[Extracted records]
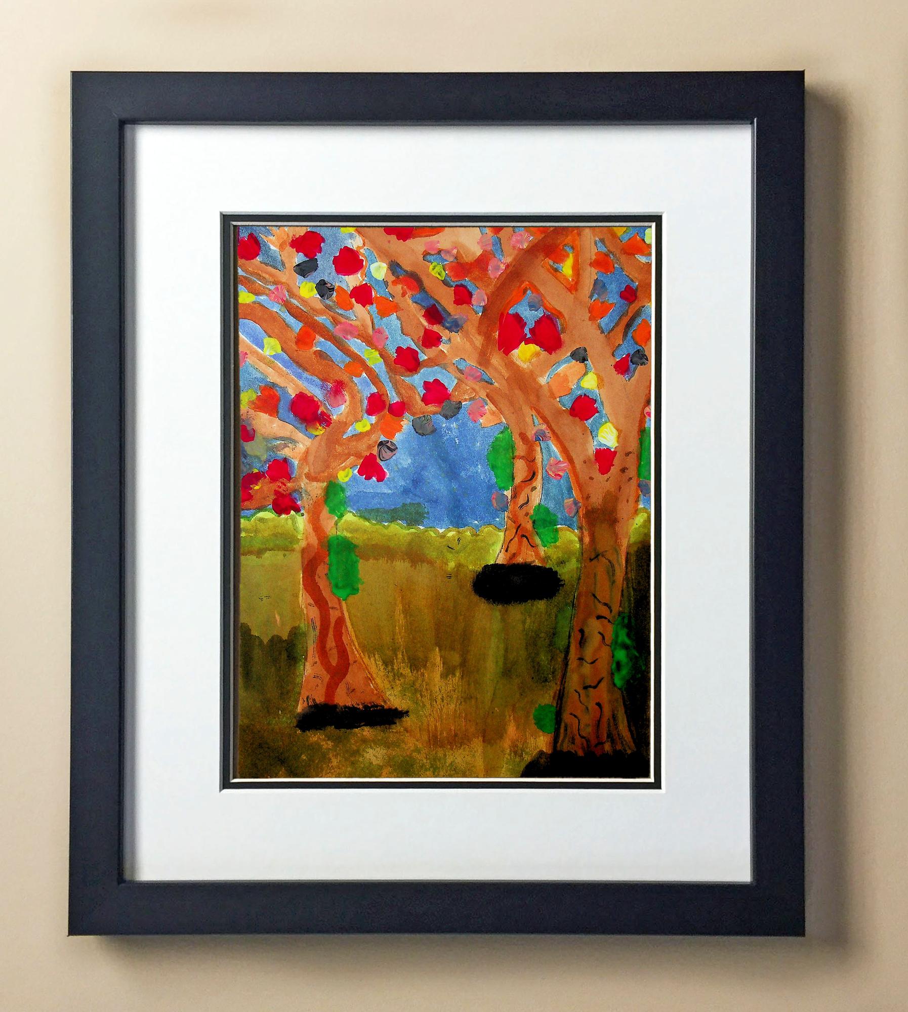 Included with the purchase is the Students Artwork, Frame, double matboard, shatter proof plexiglass, and a ready to hang backerboard with turnbuttons
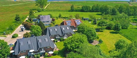 2-room apartment The 2-room apartment (about 49 m²) for 1-4 persons is located on the ground floor and has direct access to the furnished terrace in the garden overlooking the salt marshes of Lake Neuensien. The modern apartment for families or couples has a bedroom with king-size box spring bed, a living room with sofa (double sofa bed), an integrated fitted kitchen and a shower room. The fully equipped kitchen with dining area is integrated into the large living room. The apartment is equipped with smart TVs in living room and bedroom and free Wi-Fi. Smoking is not allowed in the apartment. This holiday apartment is also available for pet owners. Equipment: - Fully equipped kitchen - ceramic hob, oven, dishwasher, coffee maker, kettle, toaster - 1 bedroom with box spring bed (1.80 mx 2.00 m) - Smart TV's, radio - high-speed Internet, free Wi-Fi - safe - Direct access to the furnished terrace in the garden - Free parking space in front of the house - Pets are welcome (please specify when booking) Allergy-friendly amenities (no pets allowed) are also available
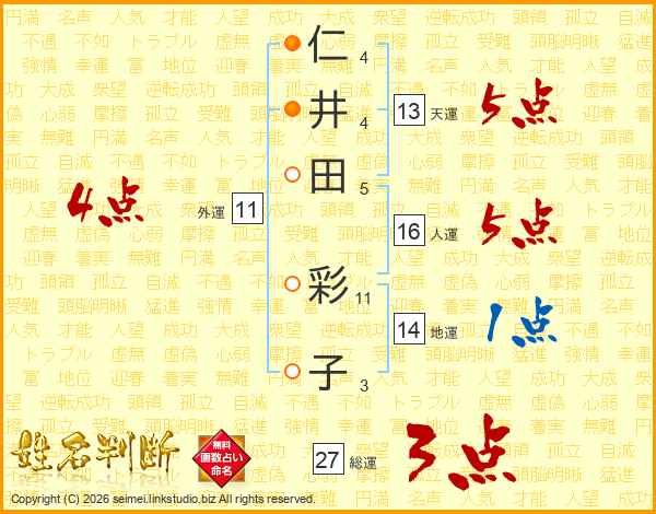 仁(4画)井(4画)田(5画) 彩(11画)子(3画)
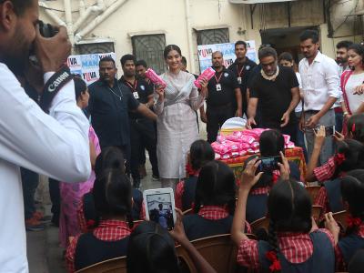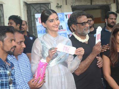 चित्रपटाच्या प्रमोशनचा भाग म्हणून सोनम कपूरने कुर्लामधील एका शाळेत मुलींना सॅनिटरी नॅपकीन वाटले
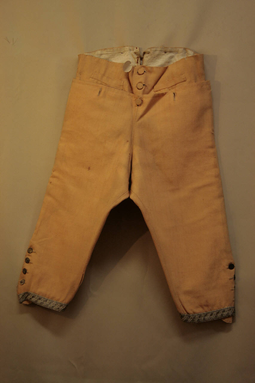 Calzoni in tela di lino albicocca con alta cintura sagomata , patta alla marinara, con apertura centrale anteriore verticale, chiusa da tre bottoni e altrettanto occhielli e coperta da un risvolto di forma quadrangolare abbottonato, mediante occhielli, a cinque bottoni fissati nella zona centrale del cinturino. Sulla cintura due tasche con patta cucita e tasca sagomata inserita nella cucitura ui fianchi. Sul dietro, la cintura presenta uno spacco e quattro occhielli; dalla cintura parte una ricca arricciatura. Ogni calzone è fermato al ginocchio da quattro bottoni in metallo dorato e da un cinturino definito da un gallone in oro filato. Doppiato in tela di lino naturale.
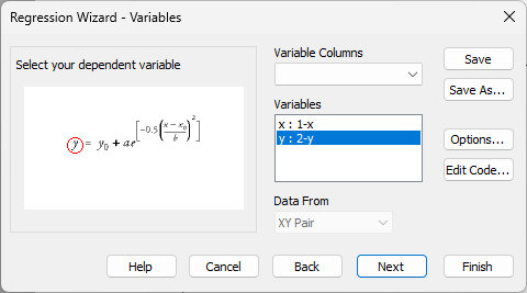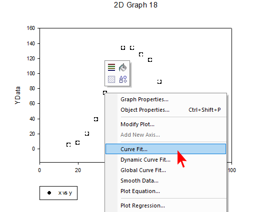 プロットを右クリックして Curve Fit を指定します。
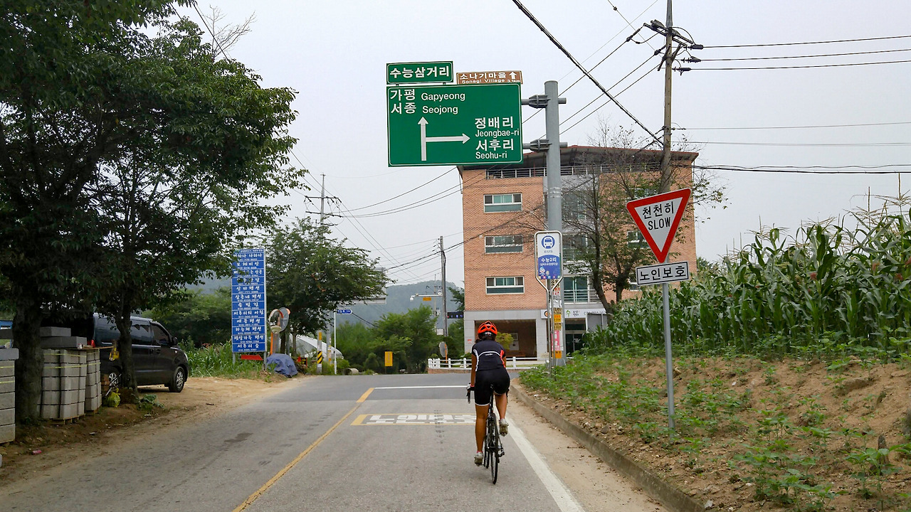 서후고개를 내려가면 정배리의 정배 삼거리가 나온다. 여기서 별 생각 없이 우회전했더니 옥천면 표지판이 나온다. 아! 실수... 다시 돌아간다. 이대로 계속 가면 동부5고개의 단축판인 동부3고개 코스(벚고개-서후고개-농다치)가 된다.
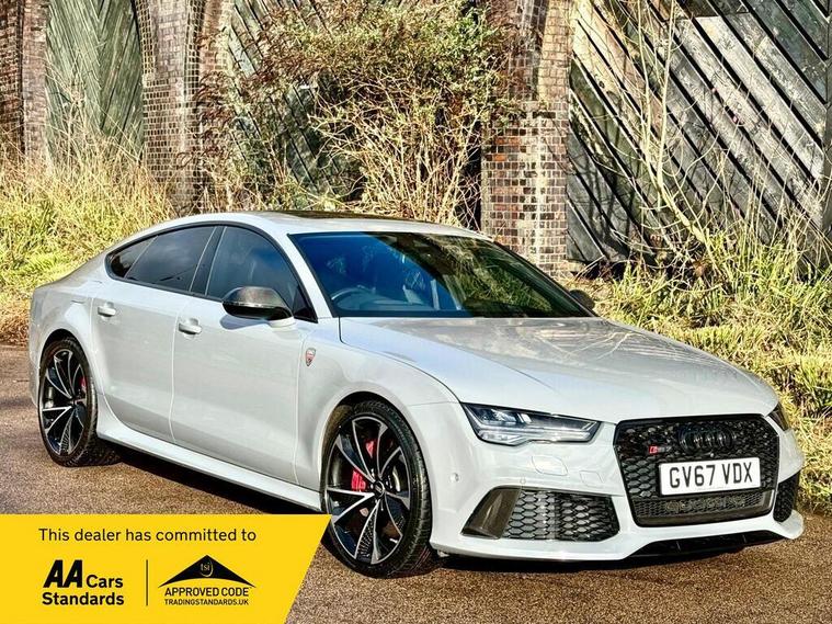 With a full service history and MOT valid until September 2026, this 2017 Audi RS7 TFSI V8 Performance offers excellent provenance. This striking model features a powerful 4.0L petrol engine paired with a four wheel drive drivetrain, meeting Euro 6 emissions standards. Notable features include Audi Parking System Plus with front and rear sensors, a Bluetooth interface for seamless connectivity, and an electric slide and tilt sunroof. You will also benefit from advanced Audi Matrix LED headlights and a Head Up Display, all contributing to a refined driving experience.The RS7 Performance variant is designed for exhilarating driving, boasting an impressive 0-60mph acceleration time of just 3.6 seconds, setting it apart from many other vehicles. This performance is complemented by a large boot space, offering practicality alongside its dynamic capabilities. This vehicle comes with a 6 month Nationwide Premium parts & labour warranty and has a clear vehicle history check, with its last service completed on 2025-10-29 at 87272 miles.SEE THE VIDEO IN THE ADVERT or use this link. https://youtu.be/06xCYgROhBQ?si=tTMmr8PGKoHNKvtK0% Deposit when financing through us.DELIVERY AVAILABLE. The Car Comes With A 6 Month Premium Nationwide Parts And Labour Warranty Finance Available From 10.9 % Apr All Inspections Welcome AA/RAC Px Welcome Viewing By Appointment Only Please Call John On 01992692105 Or 01992692105.
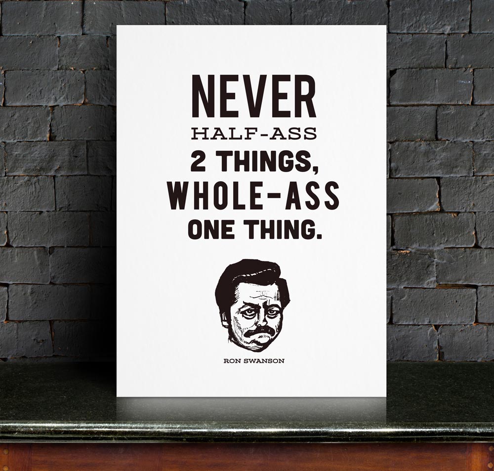 A personal passion project that turned into a nationally represented stationery line, I originally set out to make an inspiring print for a friend. Partnering with bestie and talented illustrator, Melanie Jeanne Plank, who crafted the perfect Swanson portrait. Taking cue from this portrait and paring it with carefully curated type, I screen printed a small first edition of 30. These were just for a few friends. However, word quickly spread and we ended up with lots of requests for their favorite Swanson quotes. We even met the mustachioed man himself, Nick Offerman, and gave him one of the originals to hang in his woodshop (or bathroom— whatever it’s his choice).

__What to do__: The answer must be the part of the records that opens with the line containing "仁(4画)井(4画)田(5画) 彩(11画)子(3画)" and closes with the line containing "चित्रपटाच्या प्रमोशनचा भाग", reproduced exactly, with no pictures.

__Written response__:
 仁(4画)井(4画)田(5画) 彩(11画)子(3画)
 चित्रपटाच्या प्रमोशनचा भाग म्हणून सोनम कपूरने कुर्लामधील एका शाळेत मुलींना सॅनिटरी नॅपकीन वाटले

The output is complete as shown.